I’m an independent iOS developer, I’ve been developing for iOS every since the SDK first came out and before that the Mac, and I have a line of my own apps in the AppStore that interoperate with relational backend databases like Oracle or MySQL, and the big project that I’m working right now is a data visualization tool called Glimpse, it allows people to create flexible visualizations to export HTML5 and allows people to communicate some of their backend data on the web.

   

2. And you write this for iOS in Objective C?

That’s right, well originally it was for iOS in Objective-C, iOS and the Mac, but I recently adopted Apple's new Swift language and I got ahead and ported all my code over to Swift.

   

3. Sounds like a big project or a fun project?

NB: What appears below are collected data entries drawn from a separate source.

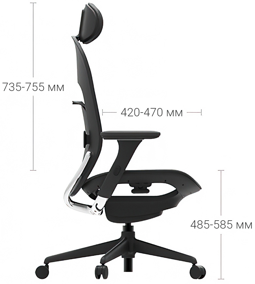 Регулировка подлокотников в трех направлениях помогает настроить их оптимальным образом под собственный рост или высоту стола, чтобы поддерживать руки и не сковывать движения.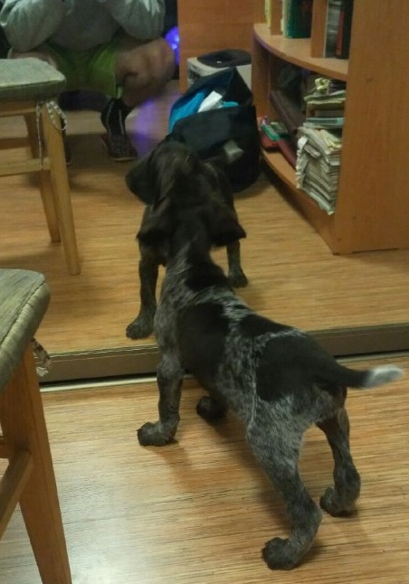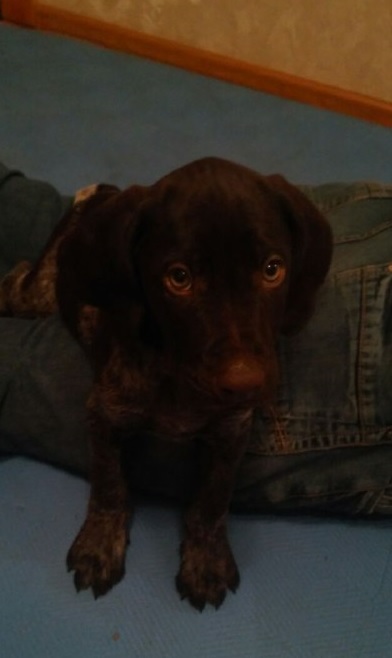 SmellsLikeFish, купили. драатхар, зовут Брэм. Так его назвали предыдущие хозяева из-за его немецких корней. Откликается, "ко мне", "сидеть" выполняет. Смышленый для 2х месяцев, будет охотником. Залез на руки и вырубился. Катушка откладывается)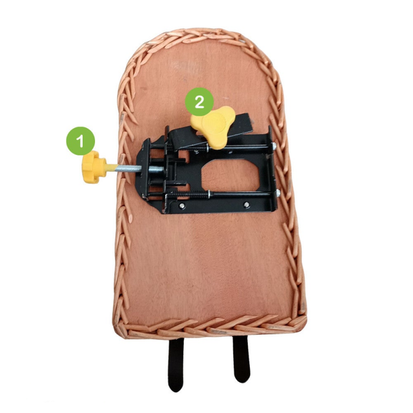 Stap 1: Plaats de fietsmand op de bagagedrager en draai het schroefdraad (nr. 1) aan.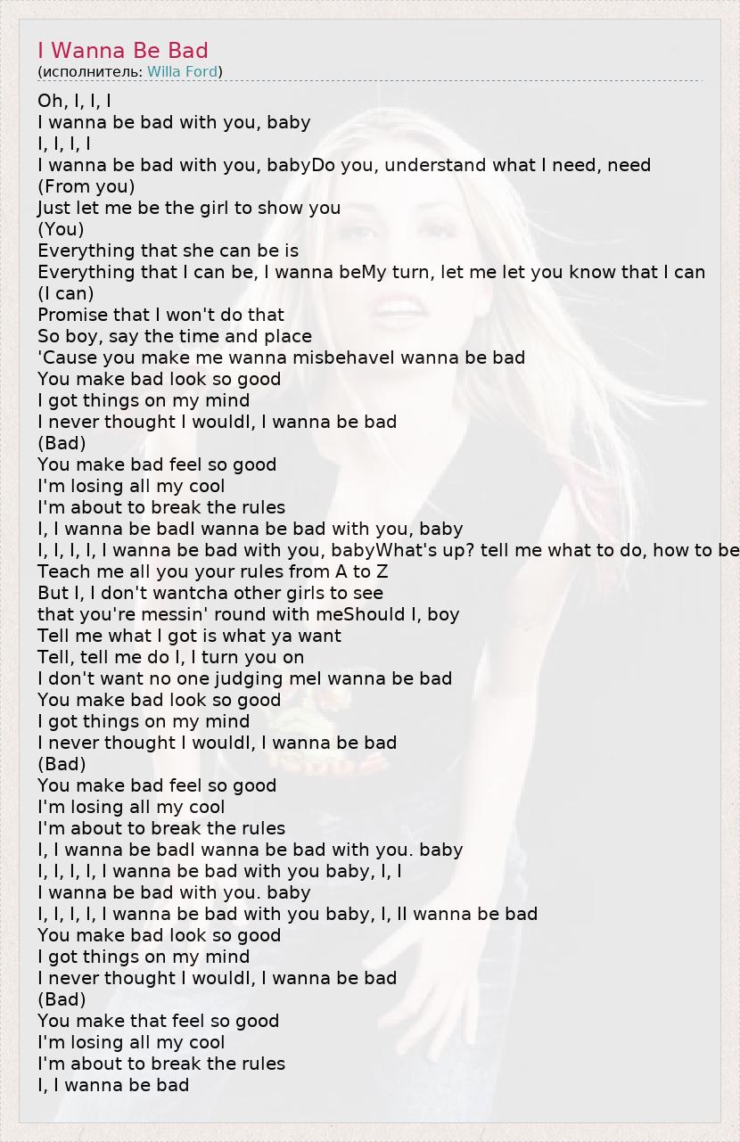 А как ты думаешь, о чем песня "I Wanna Be Bad" ?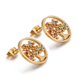 Złote Kolczyki Drzewko Szczęścia Stali Szlachetnej
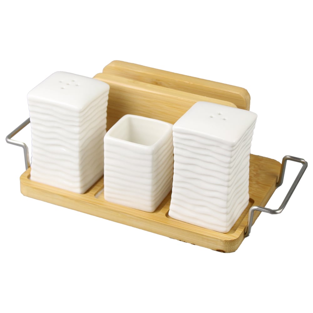 Set solnita ceramica cu suport pentru scobitori si servetele, din bambus

Yes, started out as a big project especially because the early days are Swift, the early betas could be difficult to work with because sometimes you didn’t have as great IDE support as you could later on, but in recent times I’ve translate the bulk of my code over now and I find I'm a lot more productive than I was in Objective C purely.

   

4. So if you have an existing codebase, where do you start, how do you translate it to the Swift types or do you use gradually?

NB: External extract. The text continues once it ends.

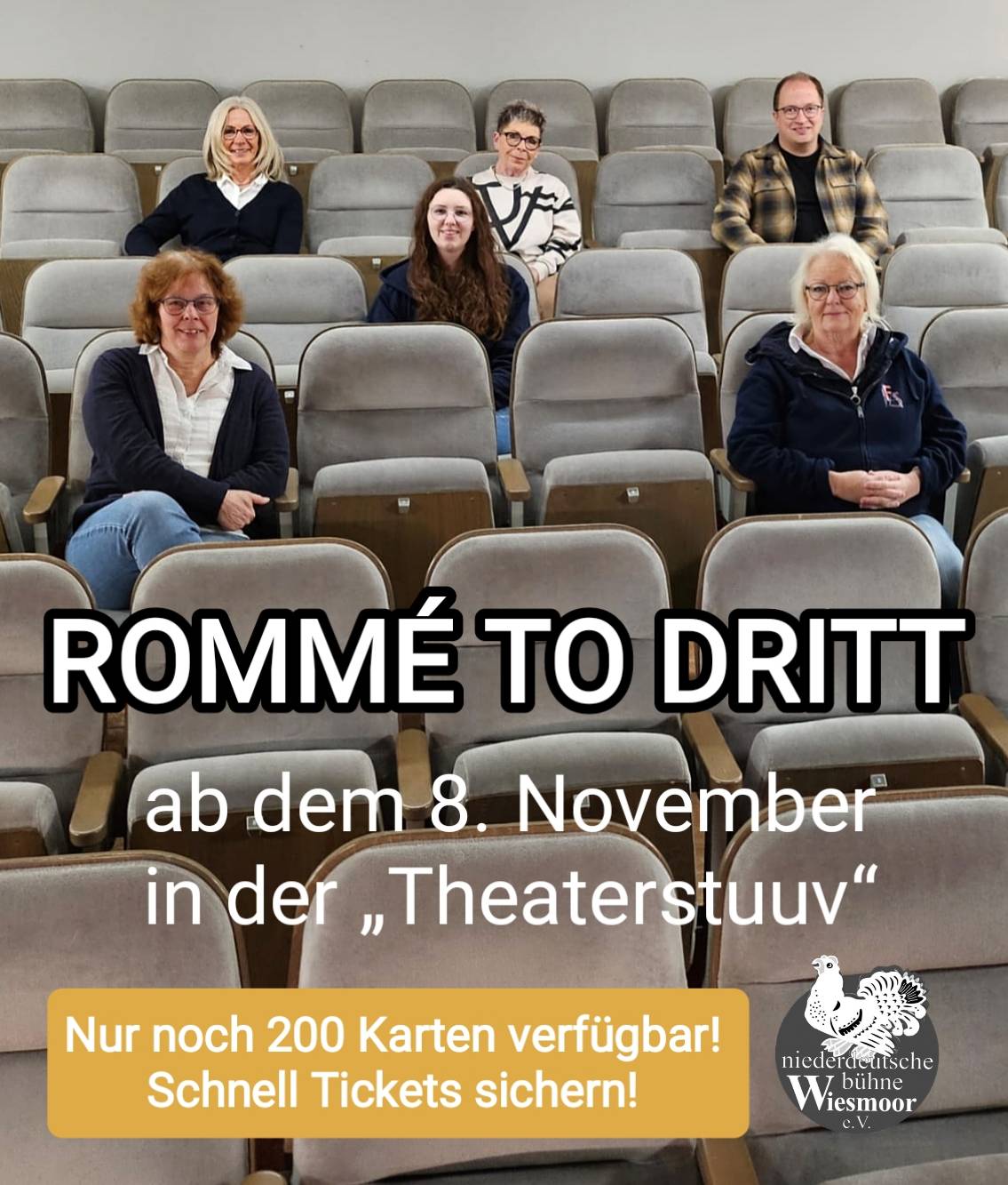 Wir freuen uns über die große Nachfrage! Für unsere neueste Inszenierung „Rommé to dritt“, die ab dem 8. November 2025 in der „Theaterstuuv“ aufgeführt wird, sind bereits viele Tickets verkauft worden.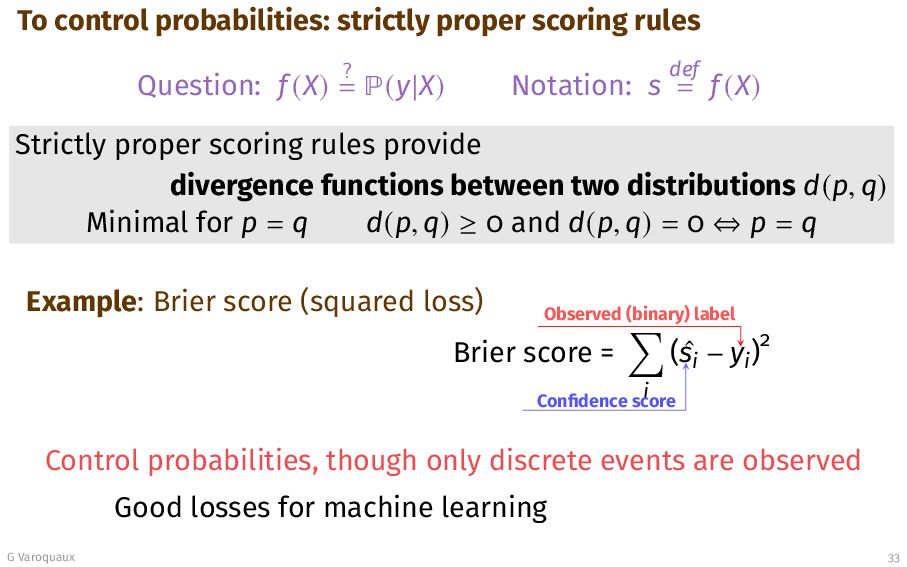 ? = (y|X) Notation: s def = f (X) Strictly proper scoring rules provide divergence functions between two distributions d(p, q) Minimal for p = q d(p, q) ≥ 0 and d(p, q) = 0 ⇔ p = q Example: Brier score (squared loss) Brier score = i ( ˆ si − yi )2 Observed (binary) label Confidence score Control probabilities, though only discrete events are observed Good losses for machine learning G Varoquaux 33

Well you can translate it class for class and you can do it incrementally because with a Swift you are able to mix a match Objective-C classes with Swift classes, so in theory you can start out with your simple model classes, and you can port them over to Swift and then you can go from there. I went the route of mostly doing a rewrite, taking some of the good ideas from that version of the app but taking advantage of some of the more functional paradigms that Swift allows and using those to, I feel, robustify and tighten up a lot of the code and my codebase.

   

5. So when you say robustify, make it more robust, how is Swift conducive to doing that?

Well it’s very strongly typed, it has Generics which is something that Objective C has lacked, but every other modern compiled language has had for quite a while, so for example with Generics you can really tighte up your code and say this list type contains just strings and you don’t have to ever think about what might happen if it didn’t have a string, the compiler guarantees all that for you. So when you have Generics and when you have the additional type safety that comes from a language with a very sophisticated typed system, you can have code paths you're absolutely sure will always result in what you were expecting without having to do a lot of branching and testing.

   

6. What’s the Generics implementation in Swift, is it like Java or like C++?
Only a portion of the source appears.